*Exercise prompt:*
Reproduce the listing below from the line with "Upon graduation, he" to the line with "girls printed kurta and dhoti set", both lines included, character for character, minus any pictures.

*Extracted entries:*
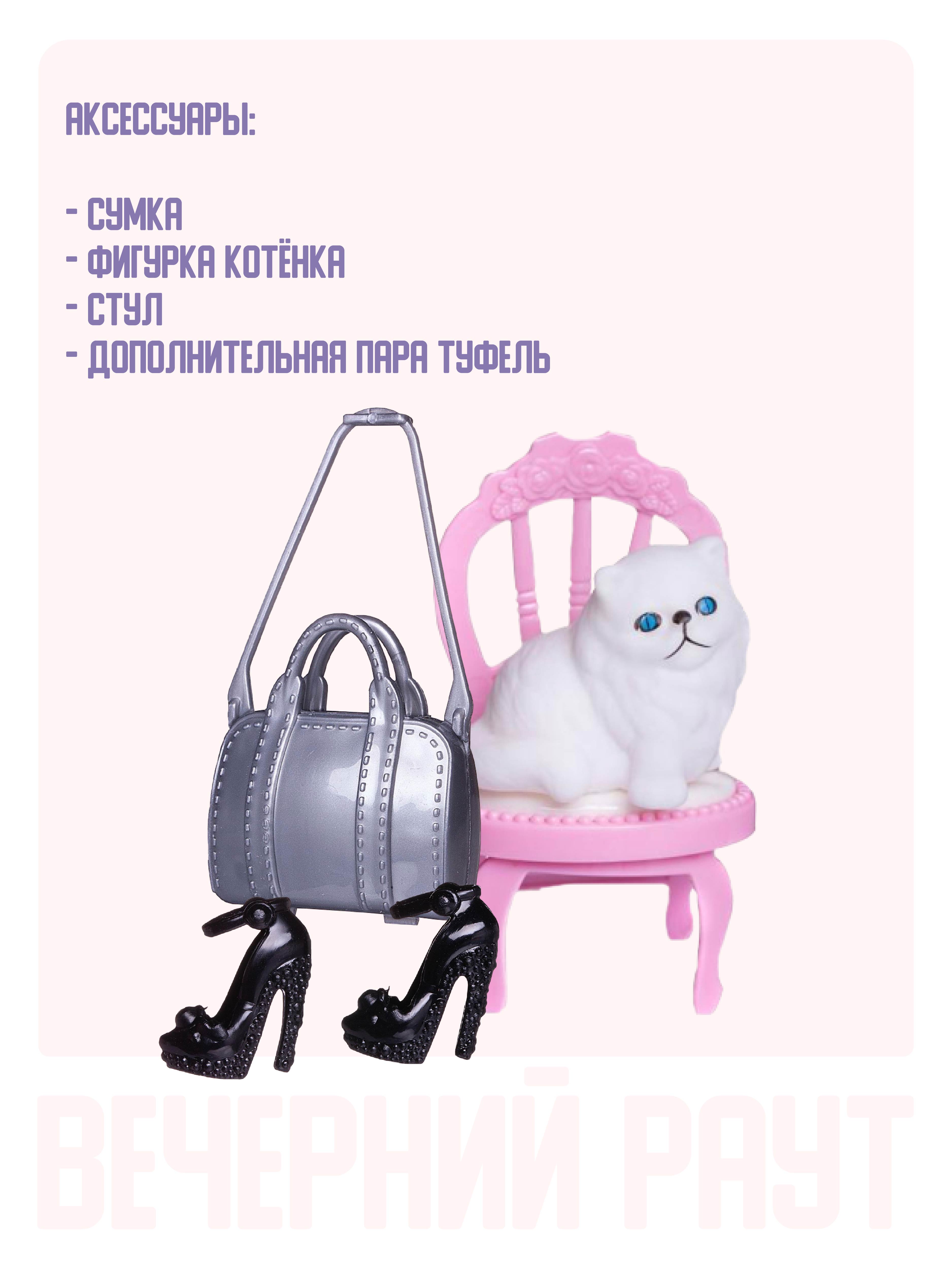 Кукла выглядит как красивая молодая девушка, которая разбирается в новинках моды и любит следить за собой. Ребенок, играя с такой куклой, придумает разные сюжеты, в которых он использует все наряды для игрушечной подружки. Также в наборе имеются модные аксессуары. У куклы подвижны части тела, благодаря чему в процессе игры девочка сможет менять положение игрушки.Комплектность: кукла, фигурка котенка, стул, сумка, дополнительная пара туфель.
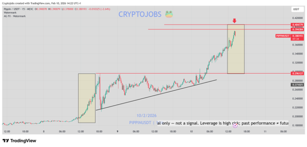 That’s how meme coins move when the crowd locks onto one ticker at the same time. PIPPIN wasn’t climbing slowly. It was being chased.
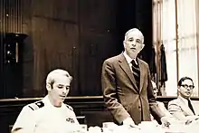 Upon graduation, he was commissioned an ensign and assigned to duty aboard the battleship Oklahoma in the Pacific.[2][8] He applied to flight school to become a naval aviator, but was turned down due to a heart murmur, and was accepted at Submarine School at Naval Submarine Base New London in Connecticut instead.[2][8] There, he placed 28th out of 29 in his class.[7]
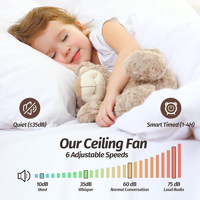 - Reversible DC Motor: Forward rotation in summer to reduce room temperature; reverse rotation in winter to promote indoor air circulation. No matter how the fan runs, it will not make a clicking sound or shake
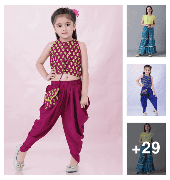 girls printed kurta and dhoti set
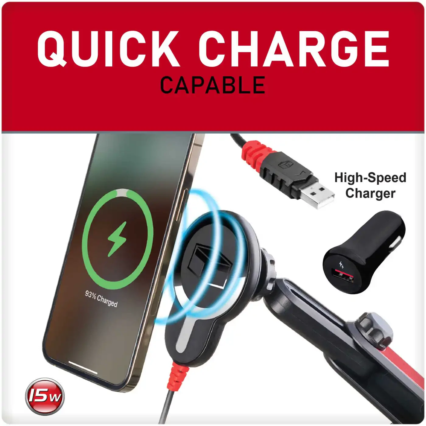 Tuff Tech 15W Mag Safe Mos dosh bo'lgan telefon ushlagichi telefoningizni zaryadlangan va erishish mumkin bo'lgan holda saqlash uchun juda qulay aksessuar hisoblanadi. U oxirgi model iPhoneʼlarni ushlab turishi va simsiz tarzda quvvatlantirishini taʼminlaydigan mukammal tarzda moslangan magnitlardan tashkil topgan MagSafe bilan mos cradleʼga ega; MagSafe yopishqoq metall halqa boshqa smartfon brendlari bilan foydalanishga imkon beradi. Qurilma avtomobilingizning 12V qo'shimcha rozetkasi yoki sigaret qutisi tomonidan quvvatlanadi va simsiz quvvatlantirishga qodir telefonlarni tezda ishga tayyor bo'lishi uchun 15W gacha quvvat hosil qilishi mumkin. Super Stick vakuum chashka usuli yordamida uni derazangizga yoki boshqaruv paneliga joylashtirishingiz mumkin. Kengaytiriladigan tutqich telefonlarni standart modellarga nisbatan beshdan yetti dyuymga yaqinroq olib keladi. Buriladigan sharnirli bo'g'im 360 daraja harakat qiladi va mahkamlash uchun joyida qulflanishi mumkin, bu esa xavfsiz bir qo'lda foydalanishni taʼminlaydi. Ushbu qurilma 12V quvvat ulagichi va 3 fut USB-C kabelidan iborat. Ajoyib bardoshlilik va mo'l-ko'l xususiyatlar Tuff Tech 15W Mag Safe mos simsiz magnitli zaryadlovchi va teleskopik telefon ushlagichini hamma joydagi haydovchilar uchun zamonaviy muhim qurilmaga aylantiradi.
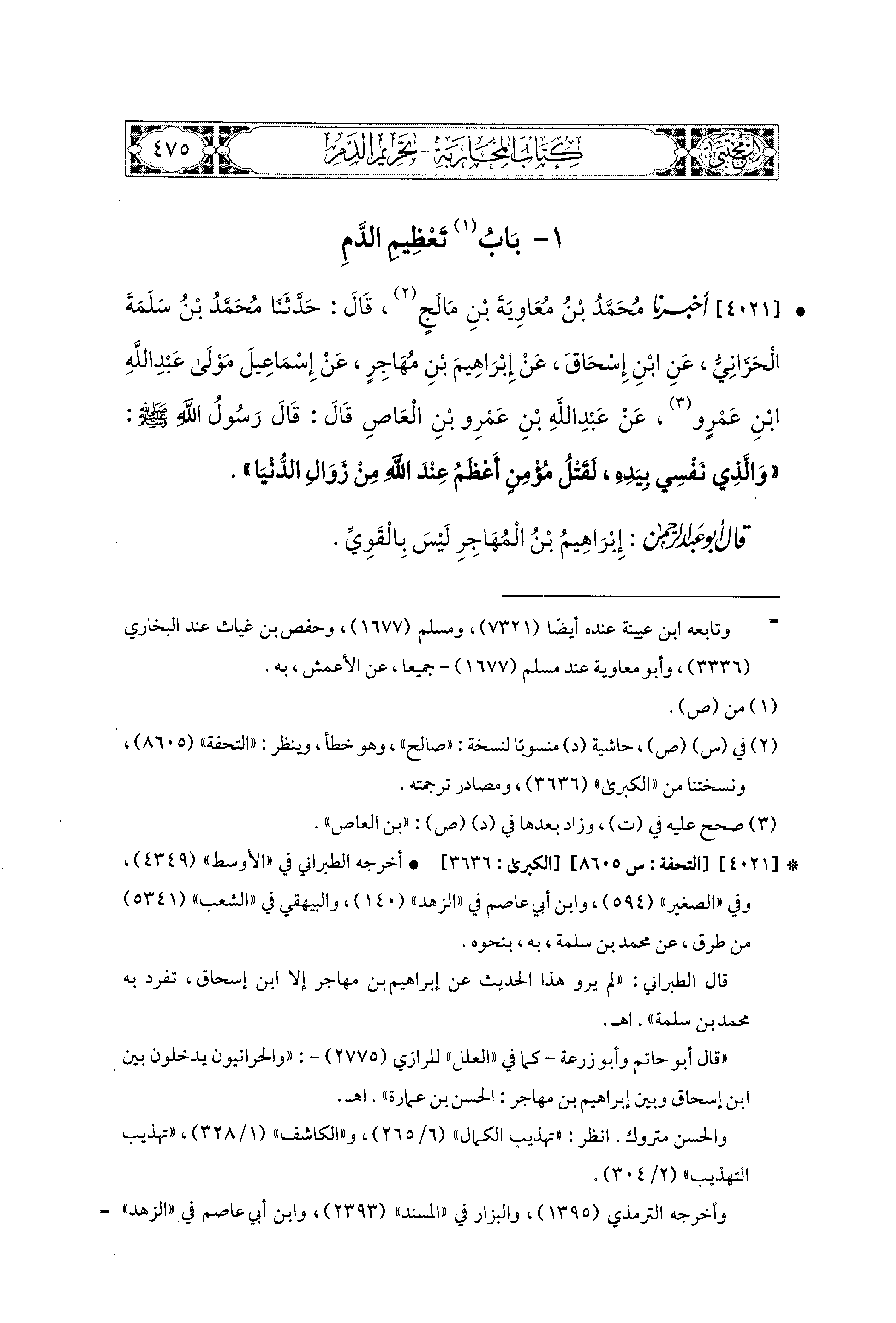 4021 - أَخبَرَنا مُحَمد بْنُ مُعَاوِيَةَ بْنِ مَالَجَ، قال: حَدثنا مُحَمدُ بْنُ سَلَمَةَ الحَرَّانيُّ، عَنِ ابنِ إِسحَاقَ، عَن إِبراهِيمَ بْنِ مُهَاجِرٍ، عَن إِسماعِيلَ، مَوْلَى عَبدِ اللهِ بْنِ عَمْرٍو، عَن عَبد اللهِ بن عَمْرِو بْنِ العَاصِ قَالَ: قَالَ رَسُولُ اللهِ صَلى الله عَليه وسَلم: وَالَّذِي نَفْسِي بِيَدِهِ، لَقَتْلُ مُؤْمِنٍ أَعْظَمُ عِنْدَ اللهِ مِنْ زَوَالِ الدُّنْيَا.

*Result for this task:*
 Upon graduation, he was commissioned an ensign and assigned to duty aboard the battleship Oklahoma in the Pacific.[2][8] He applied to flight school to become a naval aviator, but was turned down due to a heart murmur, and was accepted at Submarine School at Naval Submarine Base New London in Connecticut instead.[2][8] There, he placed 28th out of 29 in his class.[7]
 - Reversible DC Motor: Forward rotation in summer to reduce room temperature; reverse rotation in winter to promote indoor air circulation. No matter how the fan runs, it will not make a clicking sound or shake
 girls printed kurta and dhoti set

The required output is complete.